[Your instructions]: Repeat the data below exactly, dropping any pictures it holds.

[Supplied information]:
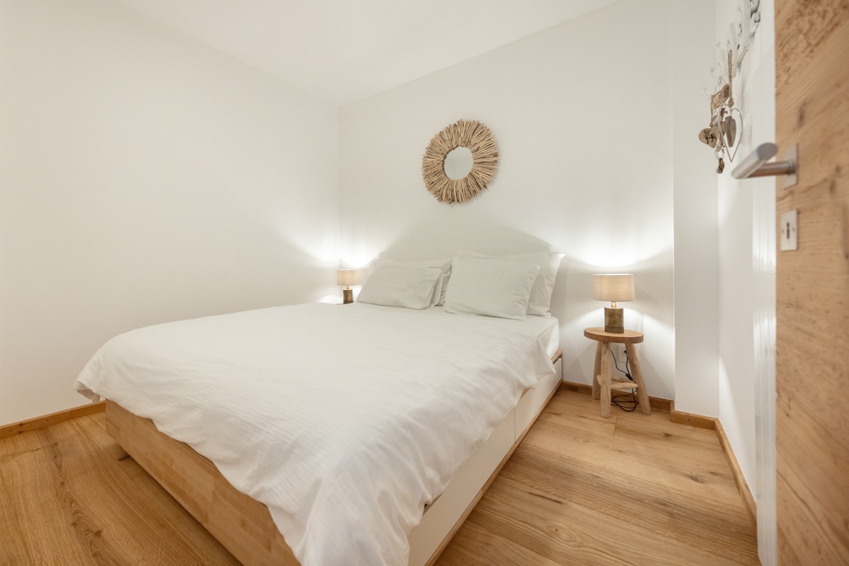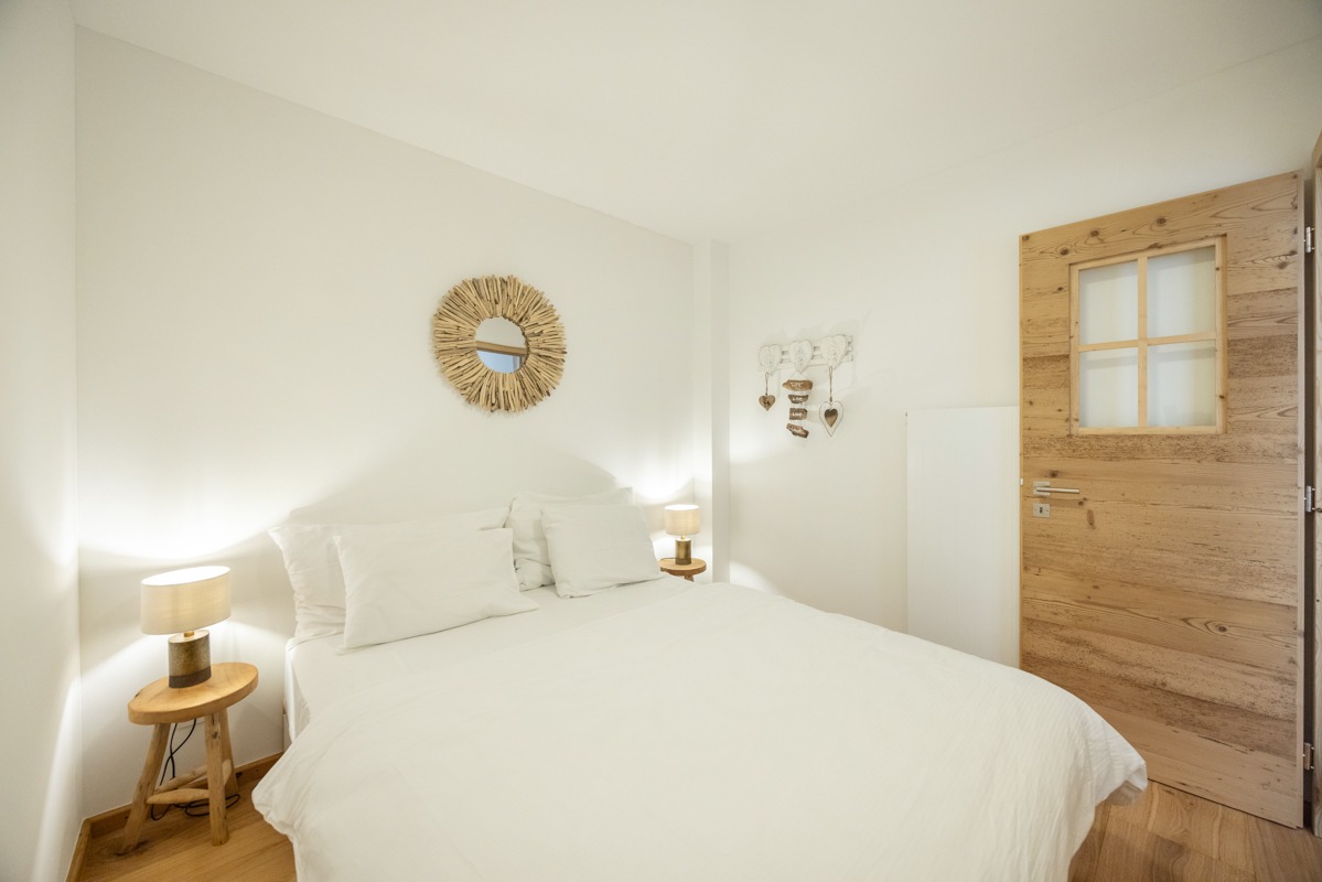 Das Schlafzimmer hat ein Doppelbett mit den Massen 160x200. Das Bettsofa hat auch eine Schlaffläche von 160x200. Die Möblierung ist neu und exakt auf die Wohnung zugeschnitten. Die Ausstattung in der Küche ist komplett mit stylischem Hotelgeschirr, Nespressomaschine, und Smart-TV mit Replay Funktion.
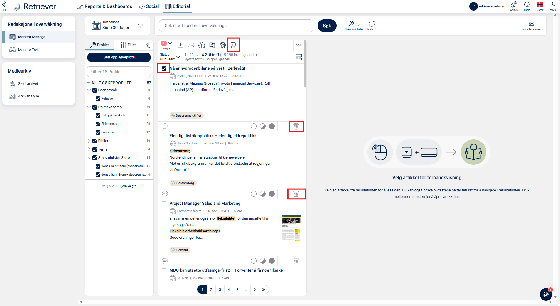 2. Huk av for artikkelen i trefflisten og klikk så på søppelbøtten under. Søppelbøtten finnes også i menylinjen øverst på siden.
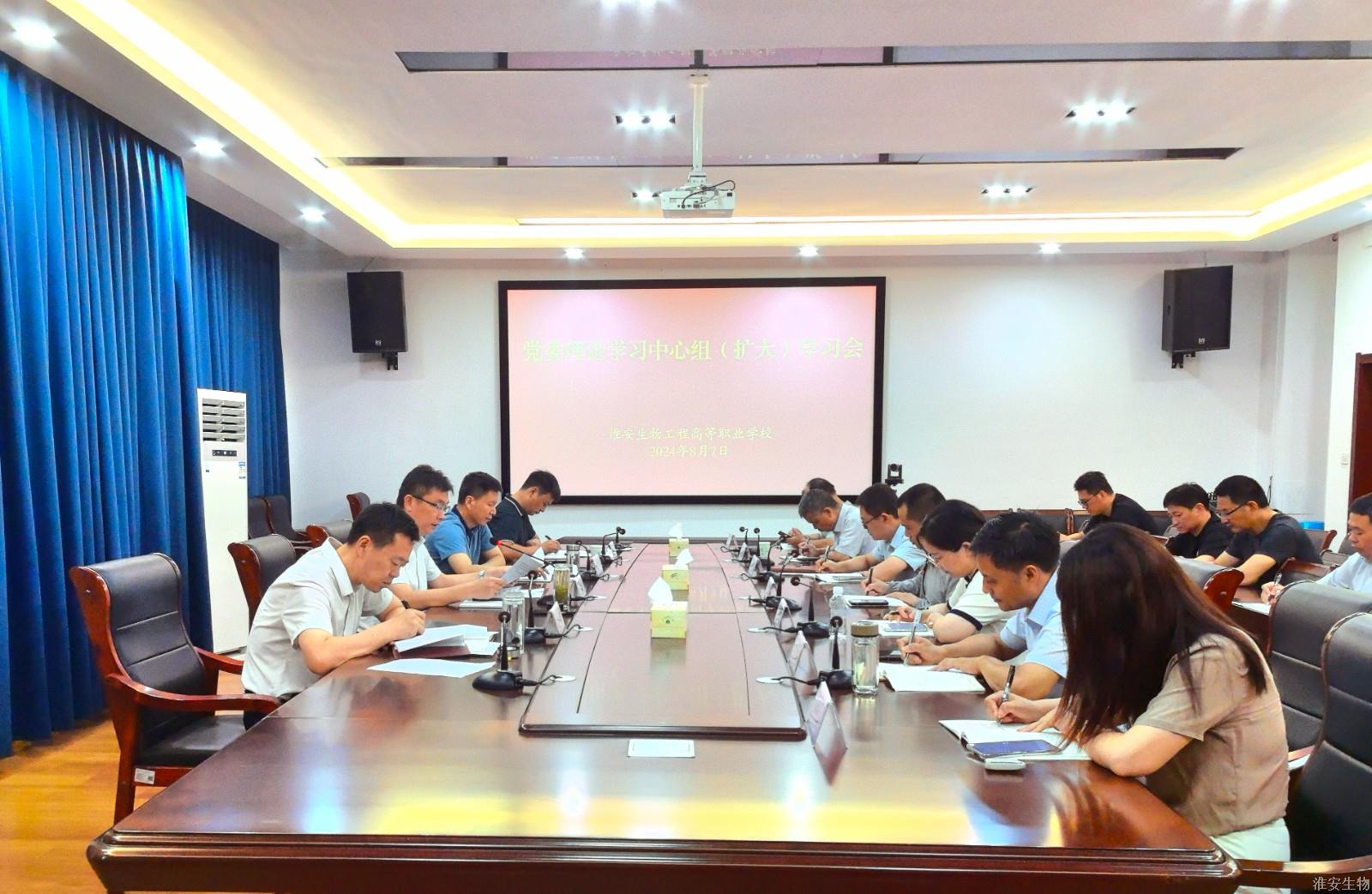 8月7日上午,淮安生物工程学校召开党委理论学习中心组(扩大)学习会。校党委书记、校长韩永胜主持会议并讲话,校党委领导班子成员出席会议,各党支部书记参加学习。

[Completed exercise]:
 Das Schlafzimmer hat ein Doppelbett mit den Massen 160x200. Das Bettsofa hat auch eine Schlaffläche von 160x200. Die Möblierung ist neu und exakt auf die Wohnung zugeschnitten. Die Ausstattung in der Küche ist komplett mit stylischem Hotelgeschirr, Nespressomaschine, und Smart-TV mit Replay Funktion.
 2. Huk av for artikkelen i trefflisten og klikk så på søppelbøtten under. Søppelbøtten finnes også i menylinjen øverst på siden.
 8月7日上午,淮安生物工程学校召开党委理论学习中心组(扩大)学习会。校党委书记、校长韩永胜主持会议并讲话,校党委领导班子成员出席会议,各党支部书记参加学习。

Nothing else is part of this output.